Absorbansi yang dihasilkan adalah 0.391. Nilai tersebut masih mengandung nilai
absorbansi blanko, sehingga untuk memperoleh nilai absorbansi murni larutan, absorbansi
larutan harus dikurangi dengan absorbansi blanko sebesar 0.089, dan hasilnya diperoleh nilai
absorbansi murni 0.302. Dari nilai absorbansi tersebut, ditentukan konsentrasi sampel hidrolisis,
yang dalam hal ini adalah glukosa. Konsentrasi sampel setelah hidrolisis diperoleh dengan
memasukkan nilai absorbansi ke dalam persamaan kurva.
Y = 0.037 x – 0.027
0.302 = 0.037 x – 0.027
0.302 + 0.027 = 0.037 x
X = 8.892 mg/100ml
X merupakan konsentrasi setelah hidrolisis, yang dalam hal ini adalah glukosa. Dari hasil
ini, akan dapat diketahui konsentrasi gula non pereduksi, dalam hal ini adalah fruktosa. Fruktosa
dikatakan gula non pereduksi, padahal dalam faktanya fruktosa adalah gula pereduksi karena
mengandung gugus ketosa. Tetapi, gugus ketosa pada atom C no 2 fruktosa ini menyebabkan
fruktosa tidak mempunyai atom H yang dapat mereduksi reagen, yang artinya fruktosa tidak
dapat mereduksi reagen, sehingga fruktosa merupakan gula non pereduksi.

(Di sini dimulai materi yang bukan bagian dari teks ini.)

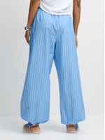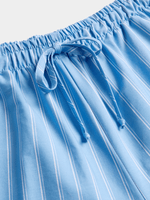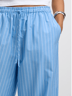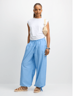 Introducing our blue striped poplin harem pants! Made from cotton poplin fabric, featuring an elasticated waist with drawstring, drawstring cuffs, side pockets and a flattering harem fit. Look chic and trendy effortlessly with these versatile pants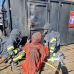 In dem Brandcontainer wurde dann in den drei darauffolgenden Tagen ein Zimmerbrand mit vermissten Personen simuliert – ein für Feuerwehrleute jederzeit wahrscheinliches Einsatzszenario. Jeder Raum der »Wohnung« muss von den Feuerwehrkräften akribisch abgesucht werden. Dies ist gerade unter Zeitdruck und erschwerter Sicht durch den Rauch eine sehr verantwortungsvolle und extrem körperlich belastende Aufgabe. Die in der Simulation vermissten Personen konnten im Brandraum gefunden und von dort nach draußen gerettet werden. Danach wurde die Brandbekämpfung erfolgreich durchgeführt.

Sehingga dengan menggunakan rumus berikut :
Kadar gula non reduksi = kadar sebelum hidrolisis – kadar setelah hidrolisis
dapat diketahui konsentrasi dari gula non pereduksi atau fruktosa. Kadar sebelum hidolisis
merupakan kadar sampel sukrosa yaitu 10 mg/100ml.
jadi :
kadar gula non reduksi = 10 mg/100ml – 8.892 mg/100ml
kadar gula non reduksi = 1.108 mg/100ml
Dengan melihat kadar gula non reduksi atau fruktosa yang lebih kecil dari kadar setelah
hidrolisis atau glukosa, berarti sampel sukrosa yang digunakan mempunyai kadar fruktosa yang
lebih kecil daripada kadar glukosanya.
H. Kesimpulan
Dari percobaan ini, dapat ditarik beberapa kesimpulan :
1. Kadar gula non pereduksi yang diperoleh adalah 1.108 mg/100ml, sedangkan kadar gula reduksi
adalah 8.649 mg/100ml
2. Pada sampel sukrosa, didapatkan kadar fruktosa yang lebih kecil daripada kadar glukosa.